University of Michigan School of Information
Faces of UMSI: Carol Moser
At UMSI, PhD student Carol Moser explores a question she began asking during her time as an industry professional: How do design interventions influence consumer behavior?
As a communications undergraduate at U-M, Carol focused on marketing and advertising studies. After graduation, she worked in sales and marketing, including at boutique graphic design company Lydon & Associates, where she was a project manager.
At Lydon, she says, “I was always very intrigued about why certain design features worked and why others didn’t.” In search of a forum where she could explore these questions in depth, she came to UMSI.
Here, “I look at web design and other sociotechnical factors and how those things influence human behavior,” she explains. Professor Paul Resnick and assistant professor Sarita Schoenebeck co-advise her.
For her precandidacy paper, Carol created a fake online chocolate store to look at how the number of options displayed on an e-commerce platform influences people’s satisfaction with the choices they make. Some people saw 12 options, while others saw 72, she explains. “At the end, we asked how satisfied they were with their choices.”
Previous literature suggested that people become overwhelmed when given too many options, but she did not find that in this experiment. While the study didn’t explore in detail why this might have been, “it may be that e-commerce platforms are different: that people are used to having a lot of options” online, she says.
While Carol prepares to submit that paper for publication, she’s getting ready to present another project at CHI ’16. The CHI paper, which looks at how people feel about mobile phone use during mealtimes, was a collaboration with Schoenebeck and University of Washington assistant professor Katharina Reinecke.
“Meals are a particularly important time culturally,” Carol says. “We wanted to understand this pretty common occurrence now of using technology during meals with others.” They discovered that people find some activities, like answering a call, to be more acceptable during a shared meal than others, like thumbing through social media feeds.
Understanding what people think is appropriate can help in mobile design, she adds. “Designers can consider ways to incorporate features into mobile technology that allow people to share awareness of what they’re doing on their phone.”
While this will be Carol’s first time to present a paper at a conference, her first research experience came several years before entering the PhD program.

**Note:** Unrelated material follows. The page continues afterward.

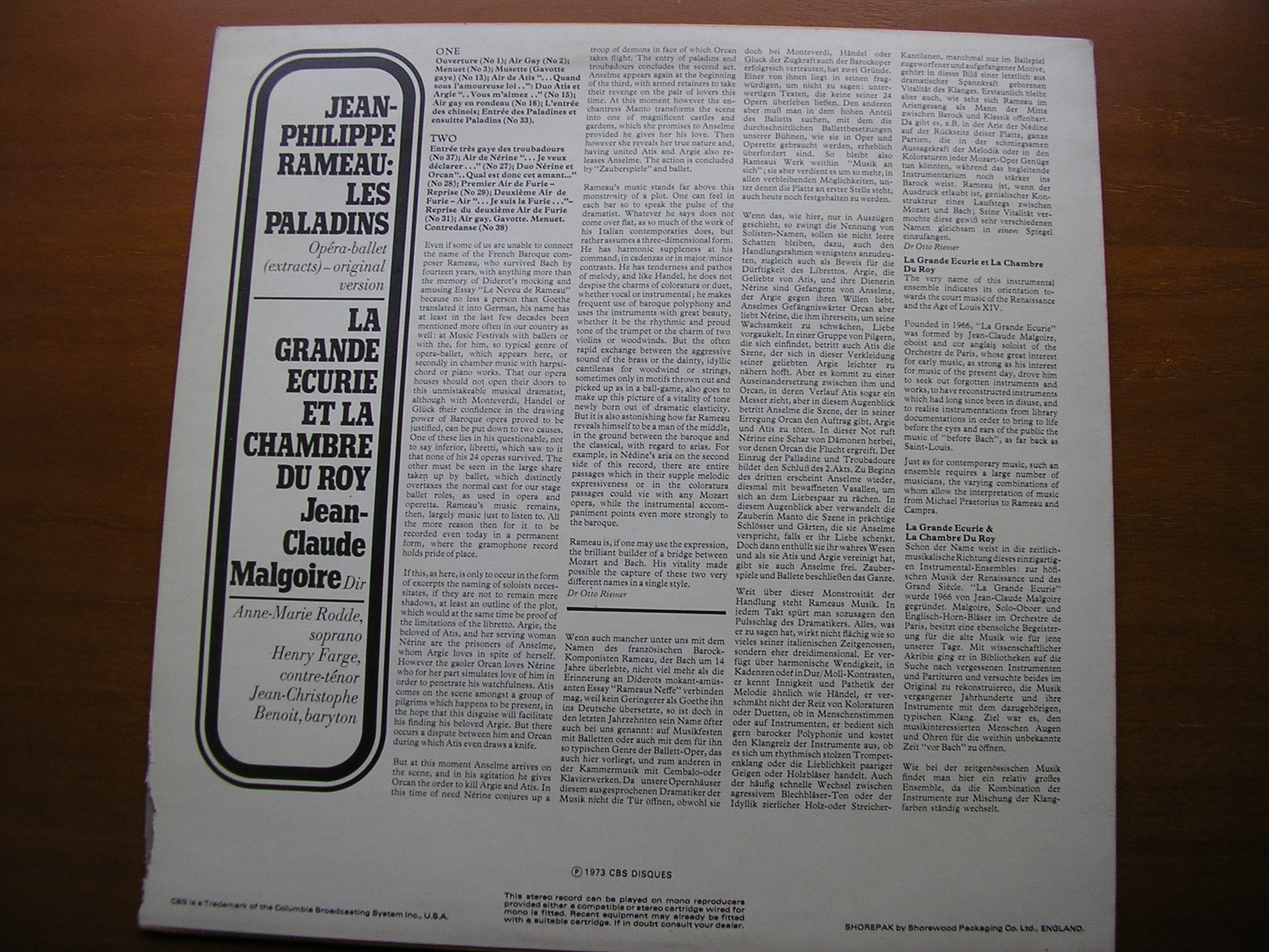 RAMEAU: LES PALADINS SOLOISTS / LA GRANDE ECURIE ET LA CHAMBRE DU ROI / MALGOIRE 73065

Time as a researcher at the University of Otago in New Zealand gave her a glimpse of academia and research. Working on her honors thesis on imagery in print advertising and its connections to viewers’ self-image was even more influential, she says: “I loved being able to design an experiment that directly addressed a question I had about how people react to print advertising.”
Her next project will look at online communities related to consumption, such as Facebook groups where people can buy and sell things amongst each other. “What motivates someone to transact business through social media rather than through established peer-to-peer platforms like Craigslist?” she asks.
Like her other work on consumer behavior, this project is motivated by her belief that people’s choices about where to spend money and with whom to transact are important. “Everyone chooses to spend their resources somehow,” she says. “Spending decisions are one of the biggest decisions that people make on a daily basis, so understanding how we can help support and improve that experience is important.”
This student has graduated! This information was accurate at the time of publication.